A amiga
posta no Face uma foto risonha, deliciosa de seu suculento bebê de quatro
meses. Diz que não se lembra de sua vida sem aquela ternura, questiona como
pode ter vivido sem aquele amor. Tudo que não é verbal no mundo vem plasmado em
poucos termos seus: “parece que ele esteve comigo desde sempre”.
E não
esteve? meu coração assopra.
Não, não
acredito em reencarnação. Falo dessa misteriosa e já tão esquecida pessoa que
éramos antes de sabermos o amor de agora. Soa impossível lidar com a memória de
uma vida em que não tínhamos nosso vínculo mais natural e definitivo – e, até
porque não pretendo filhos, nem me limito aqui ao amor do sangue, ao amor de
uma geração que cuida de outra; cito a grandeza em si do encontro especial, de
qualquer ligação tão sem fim que parece não ter tido início.
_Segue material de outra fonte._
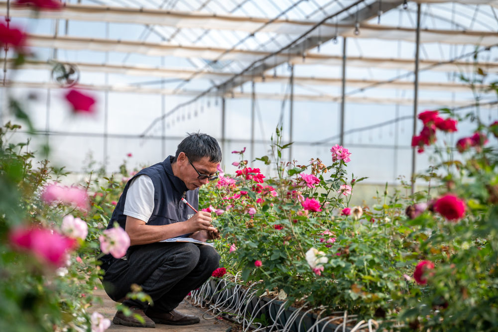 2023年10月20日,在云南省安宁市现代农业园区玫瑰种植示范园,技术员田连通在记录太空育种玫瑰花编号。

Pode ser (meu
caso) o amor do cúmplice de vida, pode ser o da irmandade indissolúvel que se
reconhece no amigo repentino, pode ser sim o filho que vem ou não vem das
entranhas, pode ser a afinidade quase sobrenatural de quem é gêmeo no trabalho,
pode ser o descobrimento de um escritor-guru-guia-filósofo que lhe causou uma
tempestade, pode ser a tempestade mesma – ou seja: o esbarrão decisivo de nós
para conosco. Tanto isso foi um Equador em nossa cronologia que já suspeitamos
nunca ter havido outro hemisfério. Pois houve: houve aquele tempo em que a
gente, sem saber, arrumava a casa para a adivinhada visita.
Quem
éramos antes de amar quem amamos? Éramos o embrião de hoje, a fruta dentro da
casca, como diria Machado. Éramos o salão de festa que amadurecia e se
aprontava, éramos a decoração sendo feita, o quarto sendo formado para o
inquilino que não sabíamos ainda quem era, mas que pressagiávamos como seria. Éramos
a pessoa que primeiro se conhecia, para finalmente vir a reconhecer. Éramos não
o que somos, porém o ensaio, as fundações, os andaimes, as possibilidades, os
sonhos, as apostas, o foreshadowing das cenas futuras, o spoiler mais ou menos detalhado
do agora, mas sempre um spoiler ambulante. Tínhamos vida? prestava? sim e sim:
sem aqueles anos iniciais, seríamos capengas, não estaríamos preparados. Cada
solidão inquieta nos fazia atinar com as características que preencheriam
corretamente as lacunas. Cada situação vivida ou observada nos punha mais
atentos ao que nos convinha. Cada pedaço de incompletude foi essencial para decifrarmos
o que se aproxima do completo, e que não receberá o último bocado enquanto
vivermos. Éramos um puzzle recém-iniciado; por causa das margens e dos
primeiros traços montados, pudemos em certo momento receber nossas peças
centrais. Aqui estamos, imagem principal já delineada, e ainda e sempre mais
aptos para maior beleza, para o quadro total.
Quem éramos? Alguém que nos apresentou o amor de toda uma vida. Querido
eu do passado, você fez certo; te devo muitas. Te instalo quente e confortável
na lembrança e prometo casa, comida e pijaminha da gratidão.